Compress screencast idle time and split Spark scene into sub-scenes

easel · claude · easel · commit e24b4bd56991 · 2026-03-19T00:48:14.000-04:00
Add sentinel markers in scene.py so screencast.sh can detect Spark
sub-scene boundaries (profile, validate, sample). Replace monolithic
Spark narration with 4 focused clips. Add cast file compression step
in narrate.sh to cap idle gaps at 2s and realign timing log, fixing
audio/video desync.

Co-Authored-By: Claude Opus 4.6 (1M context) &lt;noreply@anthropic.com&gt;
diff --git a/examples/SCREENCAST_SCRIPT.md b/examples/SCREENCAST_SCRIPT.md
@@ -149,48 +149,50 @@ workflows.
 
 ---
 
-### ACT 8: Spark Session (Section 8)
+### ACT 8: CLI Authoring Commands (Scene 13)
+
+> CLI commands add a column, modify its type, rename with alias, set a domain type, and remove a validation expectation.
+
+**NARRATOR:** CLI commands for schema authoring. Add a column, modify its
+type, rename it with alias preservation. Assign domain types from the
+built-in registry. And manage validation expectations — all without
+touching YAML directly.
+
+---
+
+### ACT 9a: Spark Session (Section 14)
 
 > Spark 4.0.1 session is created. A DataFrame with 5 claims is displayed.
 
-**NARRATOR:** Now we enter PySpark territory. We create a local Spark
-session — the same factory function works on Databricks, it auto-detects
-the environment. We create a sample DataFrame with five claims, including
-one with a NULL amount.
+**NARRATOR:** Now we enter PySpark territory. Creating a Spark session
+and a sample DataFrame with five claims.
 
 ---
 
-### ACT 9: Profiling (Section 9)
+### ACT 9b: Profiling (Section 9)
 
 > SparkToUmfMapper infers column types from the DataFrame.
 
-**NARRATOR:** SparkToUmfMapper goes the other direction — from a Spark
-DataFrame back to UMF. It infers column names, types, and nullability.
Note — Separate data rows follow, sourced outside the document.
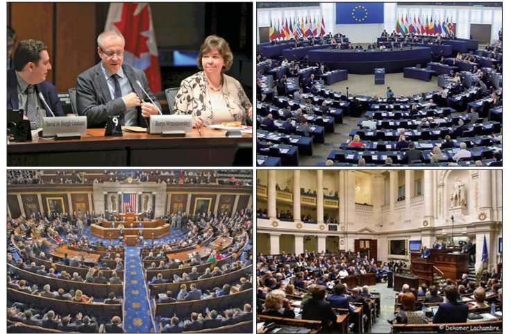
左上：加拿大自由党国会议员鲍瑞斯·瑞兹纽斯科基在国会听证会上用“当今时代最黑暗的罪恶”来形容中共强摘人体器官。右上：欧洲议会主席宣布制止强摘器官的48号书面声明。

其他如比利时、意大利、爱尔兰、捷克、澳大利亚等多国政府部门、机构相继通过决议案制止中共强摘器官的罪行。包括以色列、西班牙、挪威、台湾等颁布相关立法阻止其公民从中国非法获得器官，已有显著成效。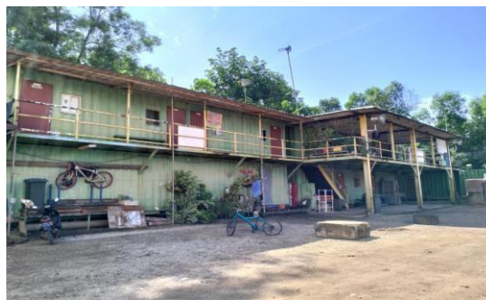
Gambar 1.16 Mass Karyawan

Perusahaan memberikan fasilitas penginapan gratis untuk karyawan PT. Sumringah Berkah Berjaya.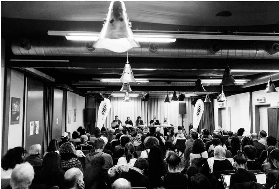
Réunion sur le sujet des sans-papiers en novembre 2018 à l'assemblée générale du CSP Vaud.

Le programme genevois qui a permis une régularisation inédite de personnes sans-papiers pourrait être repris dans d'autres cantons.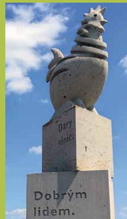
Pískovcová socha slípku u Velkých Bílovic

i do svého loga a postavil jí sochu uprostřed vinic.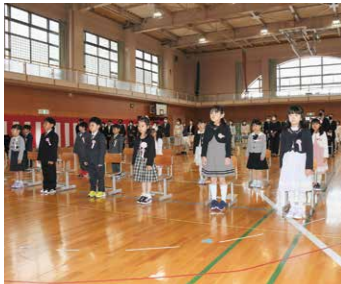
お兄さん、お姉さんの表情に(4/7弟子屈小学校)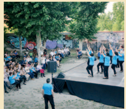
DEMOSTRACIÓ DE BALLS AL CASAL DE CULTURA

Fi de curs a la Biblioteca i al Casal de Cultura. Els equipaments han celebrat aquests dies la cloenda de la temporada. Entre les darreres propostes de la Biblioteca hi ha hagut el "Montornès llegeix... poesia", la visita de l'escriptor i periodista Xavier Bosch i una gran festa. El Casal ha organitzat un festival amb demostracions de dansa, tastets de cuina i exposicions. |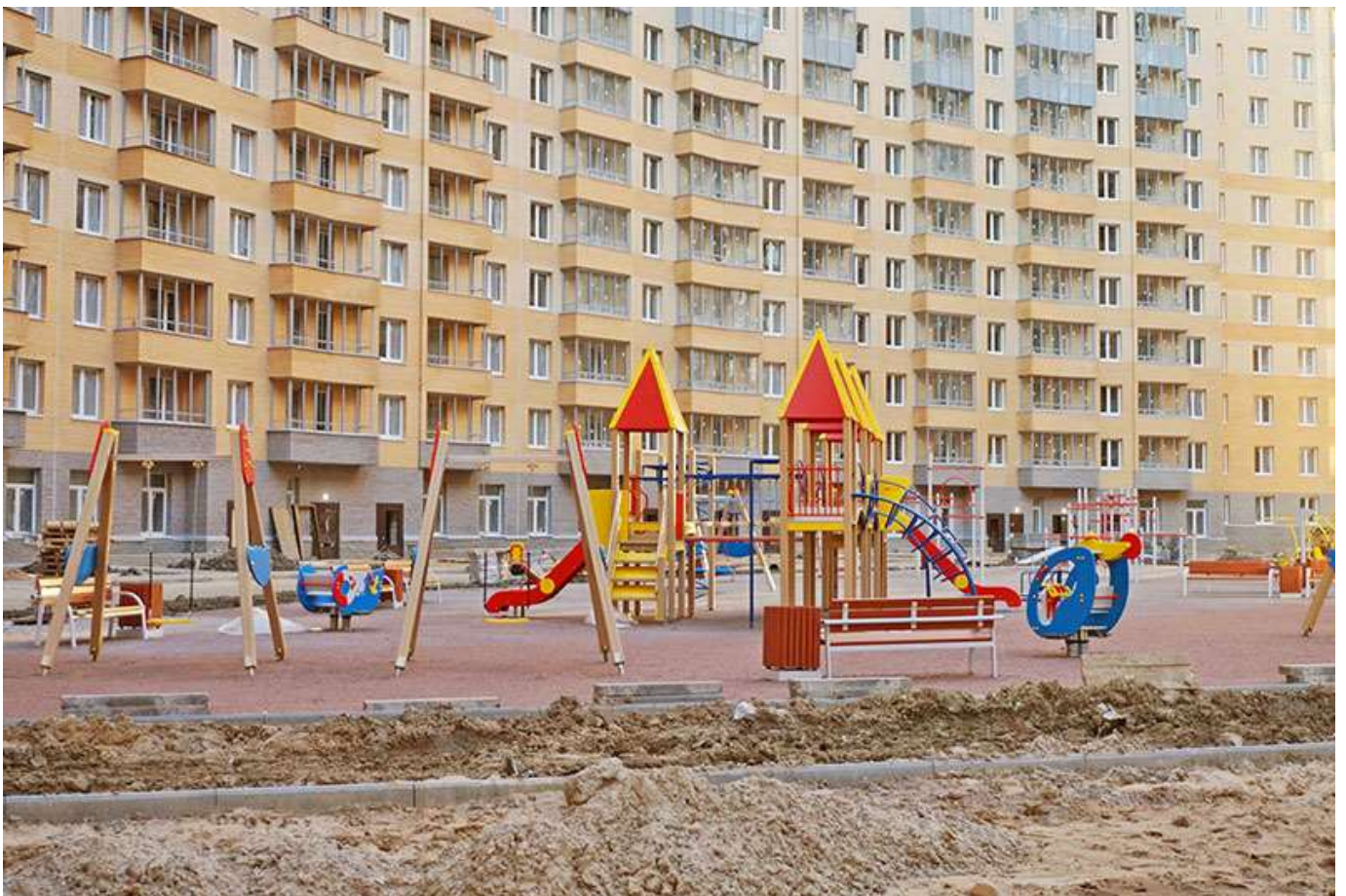
Вид на двор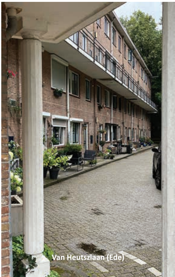
Van Heutszlaan (Ede)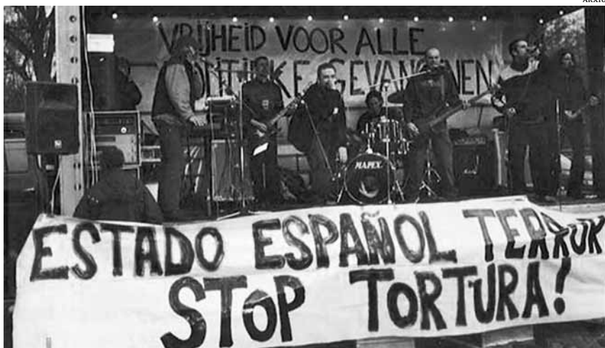
Un moment d'un concert de Tipu Així, la banda original

Es recuperen els seus temes més populars i tornen a sonar les lletres satíriques i iròniques del grup de rock alternatiu Tipu Així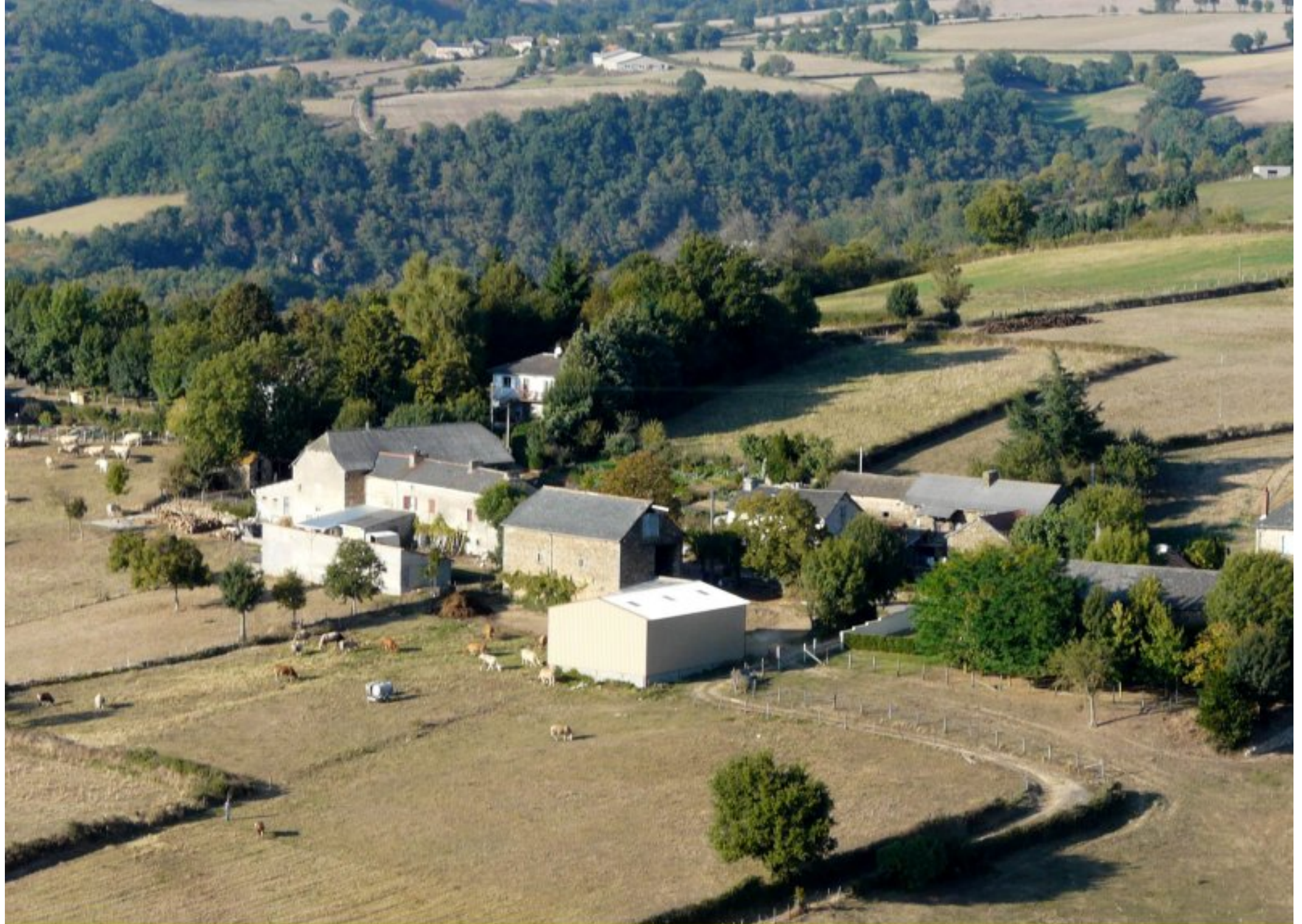
La Tapie - été 2008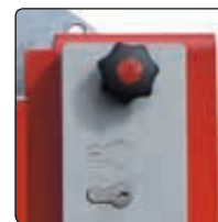
▲ Schlosskasten mit Profilhalbzylinderschloss und Blind-PZ-Einsatz (siehe Zubehör)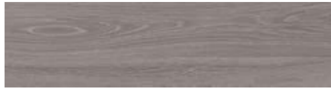
RA4Q 14,5x90 Rett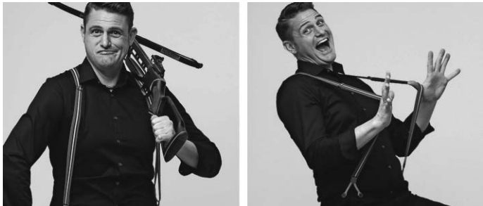
Karten-Vorverkauf seit 5. Februar 18 € · AK 20 €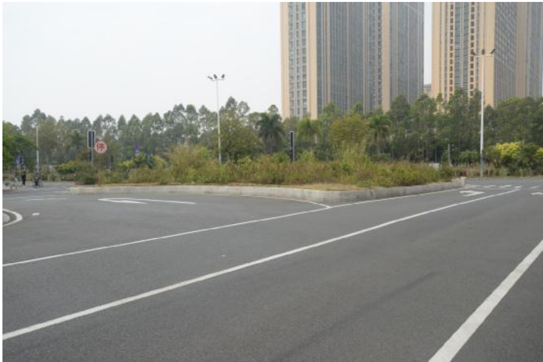
图 21 工程用地地表现状（西-东）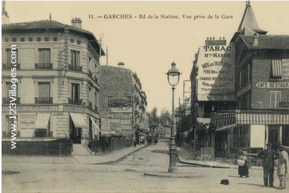
Photo Année 2000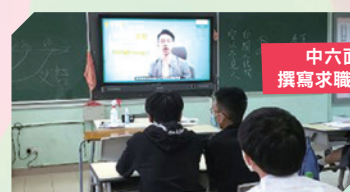
中六面試及 撰寫求職信工作坊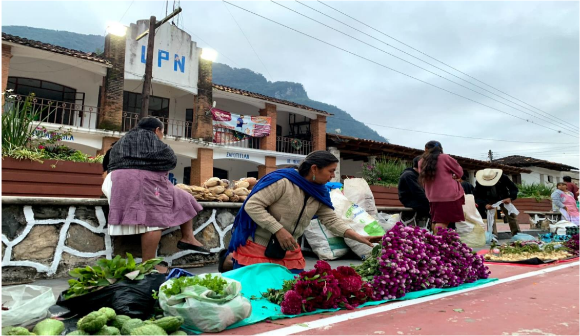
Apéndice C: 1 de noviembre día de los grandes, altar adornado con flores de compaxúchitl, pata de león, palma, diferentes frutas, ofrenda con alimentos que les gustaba en vida los muertitos.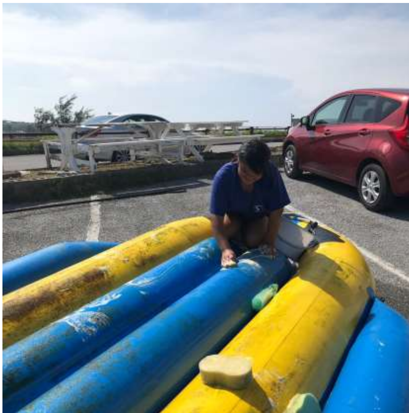
說明：清洗公司的香蕉船 (2019/07/11)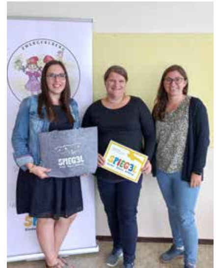
Euer Team vom „Zwergerlberg“ Spiegeltreffpunkt Altenberg bei Linz

Alle Details zu unseren Veranstaltungen, Informationen und Anmeldungen gibt's auf unserer Homepage ( www.zwergerlberg.com )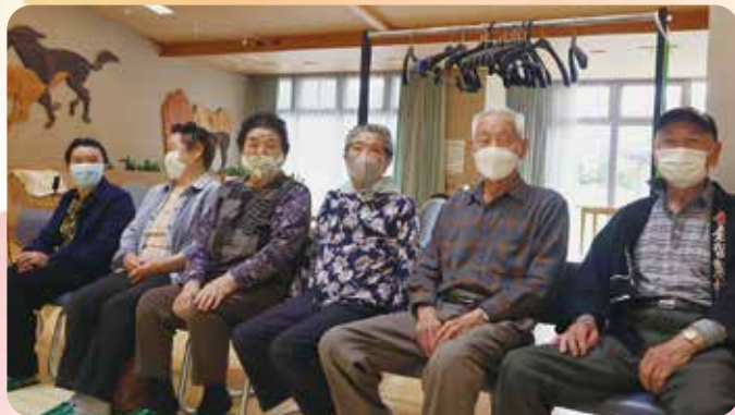
ゆうずらんど温泉入浴施設利用者の歓談の様子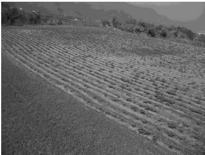
Figura 1. Ejemplo de cómo las cárcavas son procesos de erosión efímeros. En la figura 1 a, campos de cultivos el 17 de noviembre de 2009 tras las lluvias, en la figura 1 b, el mismo campo de cultivo en marzo de 2010.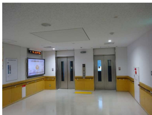
（事例）ベビーカーや車いすも乗り降りしやすく安全なエレベーター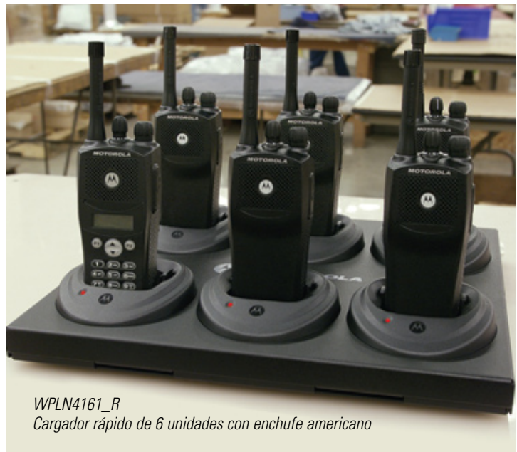
WPLN4161_R Cargador rápido de 6 unidades con enchufe americano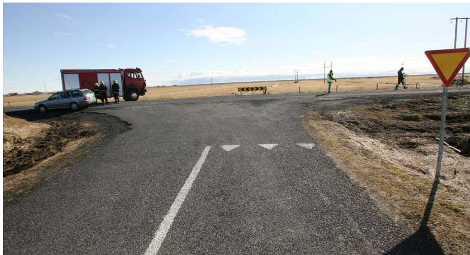
Mynd 2. Biðskylda á Kaldaðarnesvegi.

Slysið varð að morgni til, skömmu fyrir hádegi. Sól var hátt á lofti og veður stillt og bjart. Aðstæður til aksturs voru góðar, báðir vegir með bundnu slitlagi, þurrir og auðir. Biðskylda er á Kaldaðarnesvegi gagnvart umferð á Eyrabakkavegi og skilti til merkis um það auk yfirborðsmerkinga (sjá mynd 2).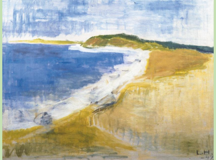
Lauritz Hartz: Parti fra Ordrup Næs, 1947. Odsherreds Kunstmuseum.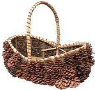
Resim 4.3: İkebanada kullanılan sepet

Bu işlemden çeşitli vazolar, kaplar, sepetler ana malzeme olarak alınır. Bitki olarak, kalın dallar, hafif dallar ve çiçekler kullanılır. Ayrıca sarmaşık ve eğilebilen bitkilerle birlikte bıçak, makas, ip kumaş vs. kullanılır.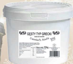
BAZA DO SOSÓW „TYP GRECKI” 5 L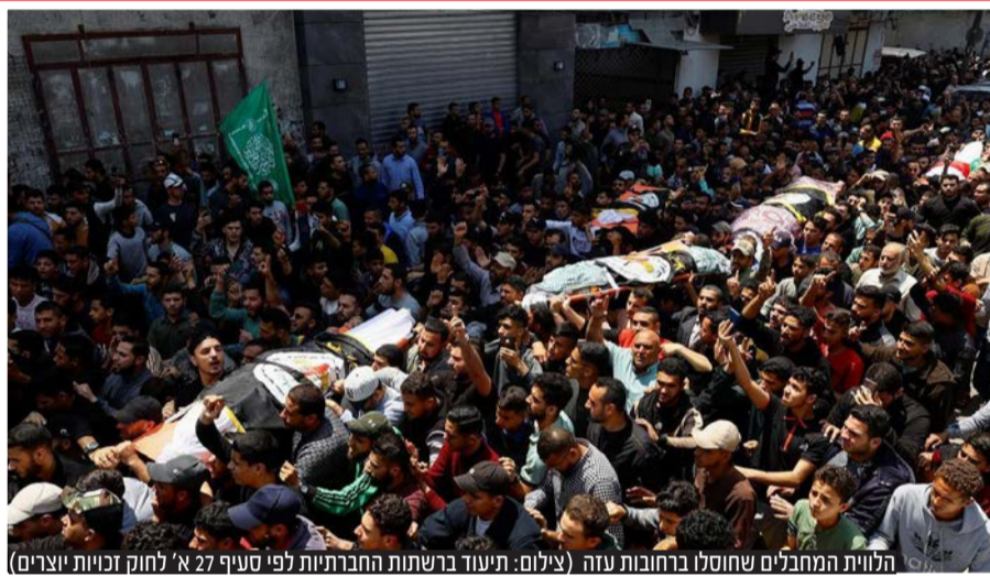
הלוחים המחבלים שחוסלו ברחובות עזה

שלושה מפקדים בכירים בג'יהאד האסלאמי ברצועת עזה חוסלו במיטותיהם בלילה שבין שני לשלישי. במהלך הלוחמה של המחבלים איימו בג'יהאד האיסלאמי לפתוח במתקפה נגד ישראל ובמערכת הביטחון נערכים לגל של ירי לעבר ערי הדרום. גם בחמאס ובחיזבאללה הצהירו שבכוונתם להצטרף למתקפה על ישראל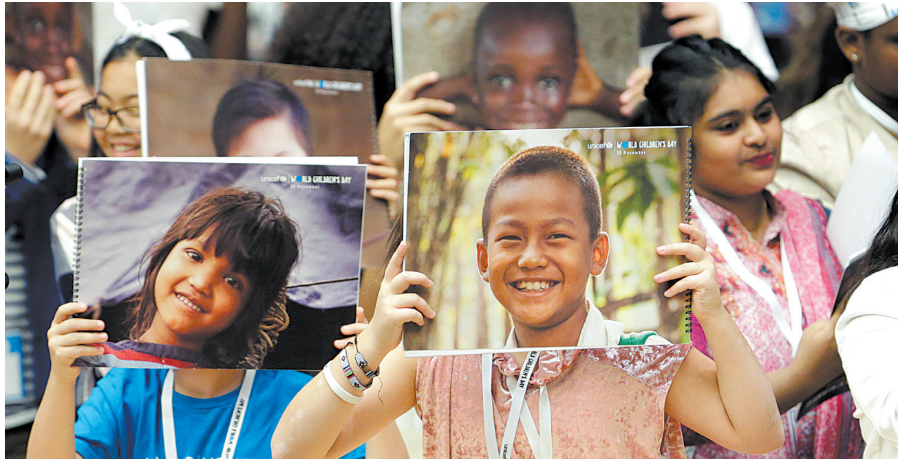
11月20日，在位于纽约的联合国总部，孩子们参加世界儿童日庆祝活动。

11月20日是世界儿童日，这一天，联合国被儿童“接管”：在会议大厅，他们大声发表自己的看法；在游客大厅和各大“景点”，到处是前来参观的少年儿童；联合国儿童基金会印制的“世界儿童日”各式海报更是随处可见。 当天，联合国秘书长古特雷斯和联合国儿童基金会执行主任莱克与来自纽约6所学校的约200名中小學生以及一些小游客在纽约联合国总部共同庆祝世界儿童日。 这一天，不同肤色的孩子们在联合国总部“当家做主”，向全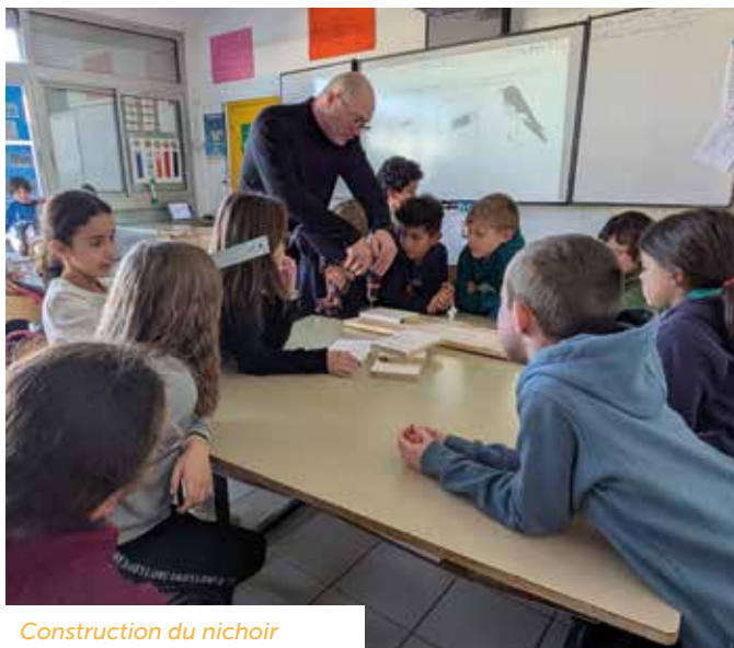
Construction du nichoir

Pour rappel, la fête de l'école se déroulera, vendredi 20 juin avec un spectacle par deux classes de 18h à 20h. La kermesse, organisée par l'AIPEC, aura lieu soit le vendredi 6 juin soit le vendredi 13 juin.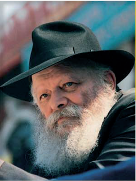
מעובד על-פי דברי הרבי מליובאוויטש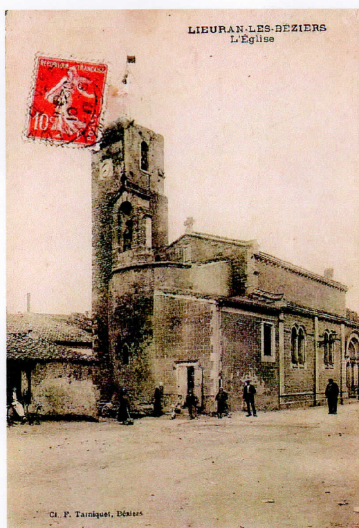
datée de 1912

Je n'ai pu que remonter au début du siècle dernier. D'après une carte postale, adressée en 1912, le drapeau flottait déjà de sa perpétuelle rigidité, comme s'il prévoyait qu'il résisterait à toute tempête.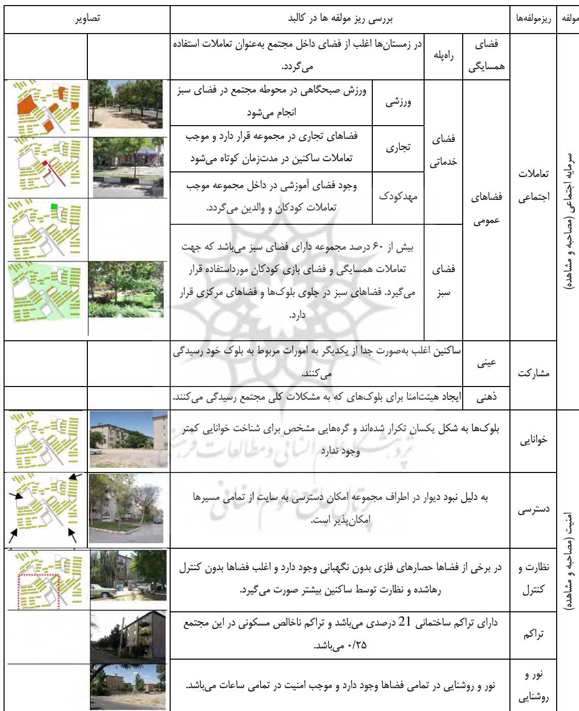
جدول ۶. بررسی مولفه‌های اجتماعی در مجتمع چمران

بلوک‌هایشان جهت تعاملات همسایگی استفاده می‌کنند. نگرهبانی برگزار می‌شود و ساکنین کمتری در آن حضور تعاملات همسایگی اغلب در تابستان در محوطه و در زمستان در راه پله و راه روها صورت می‌گیرد. فضای مدیریتی در طراحی مجتمع در نظر گرفته نشده و جلسات مشارکت در محوطه حضور دارند، صورت می‌گیرد. مجتمع دیگر کمتر می‌باشد و نظارت توسط ساکنین که اغلب می‌یابند. امنیت به دلیل وسعت مقیاس سایت نسبت به دو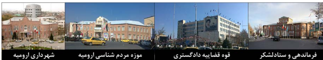
شکل ۲. میدان ایالت ارومیه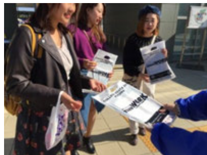
名古屋市立大学（桜山）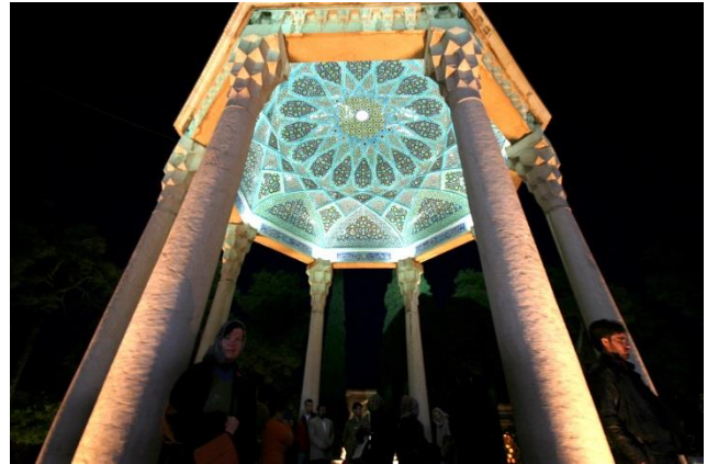
Znamenje ob mavzoleju znamenitih pesnikov Sadija in Hafeza

V dveh dneh, ki smo ju preživeli v tem lepem mestu, smo si ogledali tudi nihajoča minareta, ki stojita ob

-Useful for onboarding existing tables that don't have a UMF spec yet.
+**NARRATOR:** SparkToUmfMapper infers a UMF schema from the DataFrame.
+Column names, types, and nullability, all detected automatically.
 
 ---
 
-### ACT 10: Validation (Section 10)
+### ACT 9c: Validation (Section 10)
 
 > One validation error: claim_amount has the wrong data type.
 
 **NARRATOR:** TableValidator checks the DataFrame against the UMF spec.
-It found one issue — claim_amount is a double in Spark but DECIMAL in the
-spec. This is exactly the kind of type drift that causes silent data
-corruption in pipelines. The validator returns a structured error DataFrame
-you can write to a monitoring table.
+It catches type drift that causes silent data corruption.
 
 ---
 
-### ACT 11: Sample Data Generation (Section 11)
+### ACT 9d: Sample Data Generation (Section 11)
 
-> Split-format UMF is prepared. 100 rows of claims and providers are generated.
+> 100 rows of claims and providers are generated from UMF specs.
 
-**NARRATOR:** Finally, sample data generation. We save the UMF specs in
-split format — the git-friendly directory structure — and generate 100 rows
-for each table. The generator respects column types, nullable rules, and
-produces realistic values. Provider NPIs are 10 digits. State codes are
-real states. Foreign keys are coherent across tables.
+**NARRATOR:** Sample data generation from UMF specs. 100 rows per table,
+respecting types, nullable rules, and domain constraints.
 
 ---
 
diff --git a/examples/narrate.sh b/examples/narrate.sh
@@ -42,7 +42,14 @@ gen_clip "gx"       "Generate a full Great Expectations suite deterministically
 gen_clip "prompts"  "Generate structured prompts for LLMs. Documentation prompts. Validation rule prompts. All the column metadata and domain context is included automatically."
 gen_clip "diff"     "Schema evolution tracking. Modify a table and see exactly what changed. Added columns. Modified descriptions."
 gen_clip "sql_plan" "Generate full SQL execution plans from UMF metadata. Joins, column derivations, survivorship logic, aggregations. All computed automatically from the schema relationships."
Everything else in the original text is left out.